**TASK STATEMENT**
Go through the records below and copy out every line holding "Λεύκας".

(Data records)
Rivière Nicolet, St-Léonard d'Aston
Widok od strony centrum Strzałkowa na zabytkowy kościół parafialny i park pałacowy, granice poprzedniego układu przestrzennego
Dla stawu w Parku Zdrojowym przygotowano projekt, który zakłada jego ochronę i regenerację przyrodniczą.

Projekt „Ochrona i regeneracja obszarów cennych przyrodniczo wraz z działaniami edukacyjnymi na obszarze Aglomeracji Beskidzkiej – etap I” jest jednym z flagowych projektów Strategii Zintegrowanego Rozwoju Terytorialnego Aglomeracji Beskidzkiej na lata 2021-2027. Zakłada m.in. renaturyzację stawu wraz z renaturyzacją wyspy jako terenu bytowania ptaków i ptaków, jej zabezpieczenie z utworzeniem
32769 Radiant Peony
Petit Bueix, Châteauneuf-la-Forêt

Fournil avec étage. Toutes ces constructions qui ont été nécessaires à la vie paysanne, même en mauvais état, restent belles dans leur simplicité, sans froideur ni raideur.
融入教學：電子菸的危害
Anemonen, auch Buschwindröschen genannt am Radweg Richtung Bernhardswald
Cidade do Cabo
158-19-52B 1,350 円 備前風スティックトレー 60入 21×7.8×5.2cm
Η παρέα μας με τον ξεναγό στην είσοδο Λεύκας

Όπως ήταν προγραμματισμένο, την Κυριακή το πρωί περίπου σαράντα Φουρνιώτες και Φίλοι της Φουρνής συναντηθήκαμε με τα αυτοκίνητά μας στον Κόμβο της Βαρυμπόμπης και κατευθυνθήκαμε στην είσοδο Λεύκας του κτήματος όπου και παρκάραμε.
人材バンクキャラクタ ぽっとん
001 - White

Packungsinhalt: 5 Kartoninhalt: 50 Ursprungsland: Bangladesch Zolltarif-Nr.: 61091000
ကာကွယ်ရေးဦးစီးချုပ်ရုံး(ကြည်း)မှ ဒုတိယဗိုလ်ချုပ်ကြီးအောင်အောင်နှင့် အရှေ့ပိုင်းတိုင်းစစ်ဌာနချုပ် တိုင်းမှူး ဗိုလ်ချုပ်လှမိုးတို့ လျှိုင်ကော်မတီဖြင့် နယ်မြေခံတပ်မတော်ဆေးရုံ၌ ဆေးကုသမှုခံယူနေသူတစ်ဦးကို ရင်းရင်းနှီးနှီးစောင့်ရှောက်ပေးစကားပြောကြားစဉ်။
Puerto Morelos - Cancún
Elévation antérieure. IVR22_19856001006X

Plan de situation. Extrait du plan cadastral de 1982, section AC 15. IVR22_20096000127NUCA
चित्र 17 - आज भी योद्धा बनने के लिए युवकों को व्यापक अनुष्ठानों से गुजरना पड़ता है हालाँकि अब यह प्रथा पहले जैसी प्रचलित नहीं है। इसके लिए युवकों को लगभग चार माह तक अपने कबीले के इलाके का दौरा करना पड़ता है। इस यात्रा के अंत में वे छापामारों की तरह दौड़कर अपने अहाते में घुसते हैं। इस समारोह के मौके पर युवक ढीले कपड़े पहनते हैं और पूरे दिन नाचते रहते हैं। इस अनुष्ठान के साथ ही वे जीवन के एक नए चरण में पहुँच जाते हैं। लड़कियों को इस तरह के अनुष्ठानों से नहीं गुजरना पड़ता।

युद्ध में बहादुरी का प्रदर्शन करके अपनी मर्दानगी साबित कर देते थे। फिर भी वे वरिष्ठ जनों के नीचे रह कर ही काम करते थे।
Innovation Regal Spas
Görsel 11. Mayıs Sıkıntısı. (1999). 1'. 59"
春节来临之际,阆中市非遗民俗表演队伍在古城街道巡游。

**OUTPUT OF THE EXERCISE**
Η παρέα μας με τον ξεναγό στην είσοδο Λεύκας
Όπως ήταν προγραμματισμένο, την Κυριακή το πρωί περίπου σαράντα Φουρνιώτες και Φίλοι της Φουρνής συναντηθήκαμε με τα αυτοκίνητά μας στον Κόμβο της Βαρυμπόμπης και κατευθυνθήκαμε στην είσοδο Λεύκας του κτήματος όπου και παρκάραμε.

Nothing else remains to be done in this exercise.